■ **Records for the task**:
------------

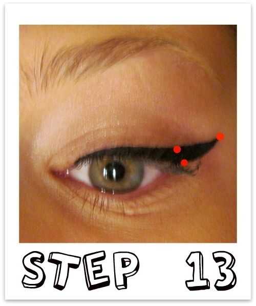 Este es el último paso de completar su línea de acabado. Puesto que ya han dibujado la curvatura de su llamarada en el paso 12, esencialmente debe "conectar los puntos" rellenando el espacio entre la línea extendida de la llamarada y la primera línea gruesa desde el paso 10. He puesto puntos rojos en los lugares donde había dejado las líneas anteriores, todo el espacio entre el triángulo áspero crea necesidades para ser llenado con el trazador de líneas. Si te equivocas tu línea, no se preocupe. Solo agarra otra mano q-TIP, mojar la punta y limpiar con precisión el segmento desordenado sin tener que volver a empezar todo otra vez. Este es el beneficio de hacer la línea en algunas secciones, porque simplemente puede rehacer el segmento que está trabajando sin tener que afectar el otro terminado segmentos.
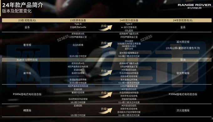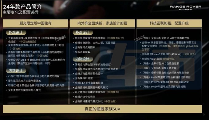 内饰以及配置方面是此次新款车型变化较大的地方,新车全系标配前排手机无线充电、ACC自适应巡航、Type-C快充接口等配置。现款的Type A接口调整为C接口,增加e+娱乐互联系统,二氧化碳监测。凝光限定版相比现款奢享版升级了前排座椅头枕、15扬声器英国之宝、360°全景影像、自动泊车、11.4英寸悬浮式中控屏等。插电混动版相比现款增加了前排手机无线充电、11.4英寸悬浮式中控屏、ACC自适应巡航、12扬声器英国之宝等。
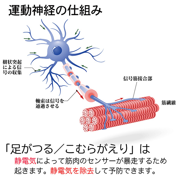 足がピキーンとなるのは、筋肉の神経センサーと、脊髄等中枢との電気信号のやりとりの不具合で、筋肉が異常に収縮することで起こります。脚ツランTMメッシュはセンサーに影響する静電気を除去する効果(有機導電繊維による除電効果)があります。
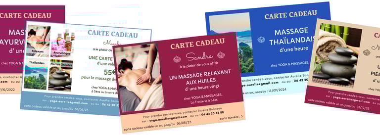 Pour Noël, un anniversaire, ou un évènement, vous souhaitez offrir un massage ? Je propose des cartes cadeaux personnalisables sur simple demande de votre part
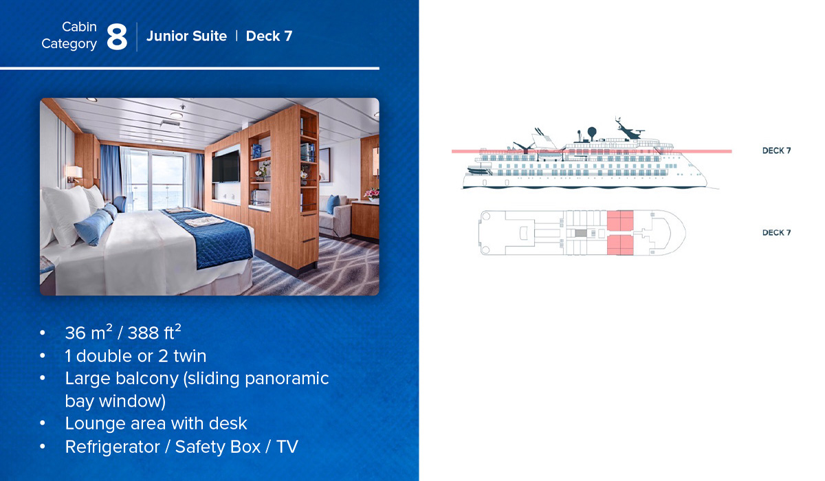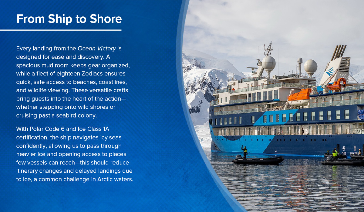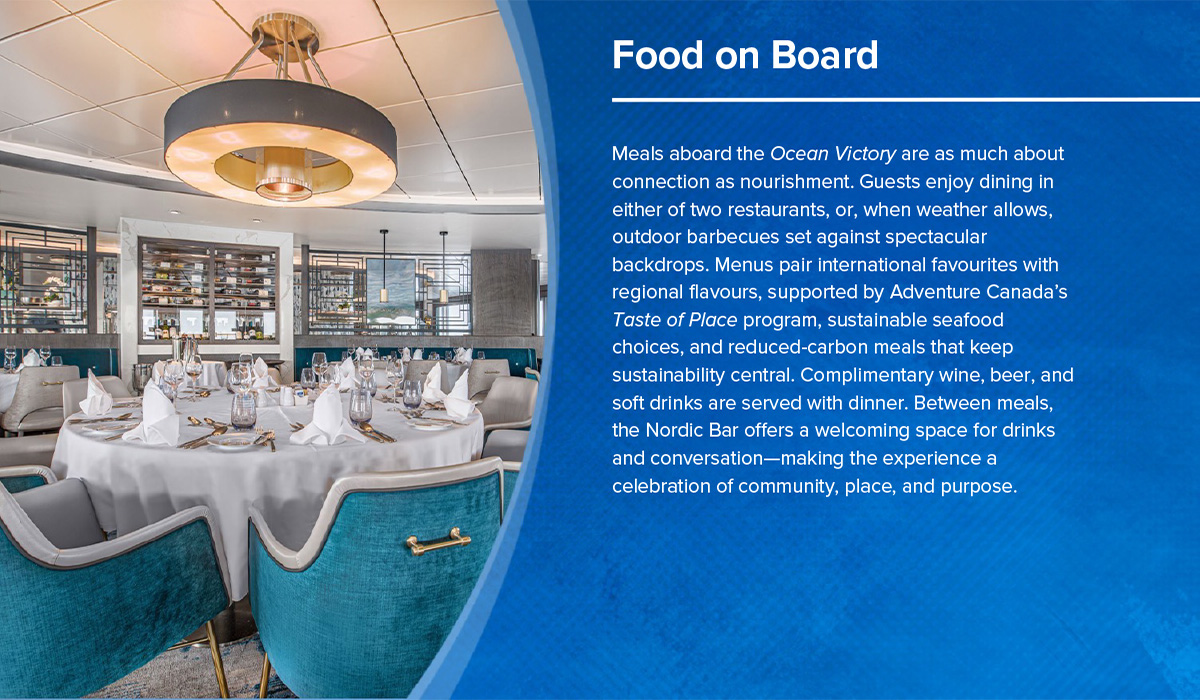 The Ocean Victory, launched in 2021, is one of the most modern small expedition vessels at sea. Purpose-built for discovery, it combines comfort, capability, and a deep commitment to sustainability—an ideal platform for Adventure Canada’s small-ship journeys to some of the world’s most remarkable places. Its innovative X-BOW® hull delivers smoother, quieter crossings and greater stability, while its ice-strengthened design ensures safe passage into areas few ships can reach.
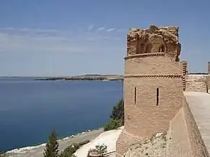 Qal'at Ja'bar (Arabic: قلعة جعبر, Turkish: Caber Kalesi) is a castle on the left bank of Lake Assad in Raqqa Governorate, Syria. Its site, formerly a prominent hill-top overlooking the Euphrates Valley, is now an island in Lake Assad that can only be reached by an artificial causeway. Although the hilltop on which the castle sits was possibly already fortified in the 7th century, the current structures are primarily the work of Nur ad-Din, who rebuilt the castle from 1168 onwards. Since 1965, several excavations have been carried out in and around the castle, as well as restoration works of the walls and towers. The castle was a Turkish exclave between 1921 and 1973.

------------

A clean copy is needed of the lines in the listing above from the one with "Pour Noël, un" through the one with "The Ocean Victory, launched", exact in every word and free of pictures.

■ **Output for this task**:
 Pour Noël, un anniversaire, ou un évènement, vous souhaitez offrir un massage ? Je propose des cartes cadeaux personnalisables sur simple demande de votre part
 The Ocean Victory, launched in 2021, is one of the most modern small expedition vessels at sea. Purpose-built for discovery, it combines comfort, capability, and a deep commitment to sustainability—an ideal platform for Adventure Canada’s small-ship journeys to some of the world’s most remarkable places. Its innovative X-BOW® hull delivers smoother, quieter crossings and greater stability, while its ice-strengthened design ensures safe passage into areas few ships can reach.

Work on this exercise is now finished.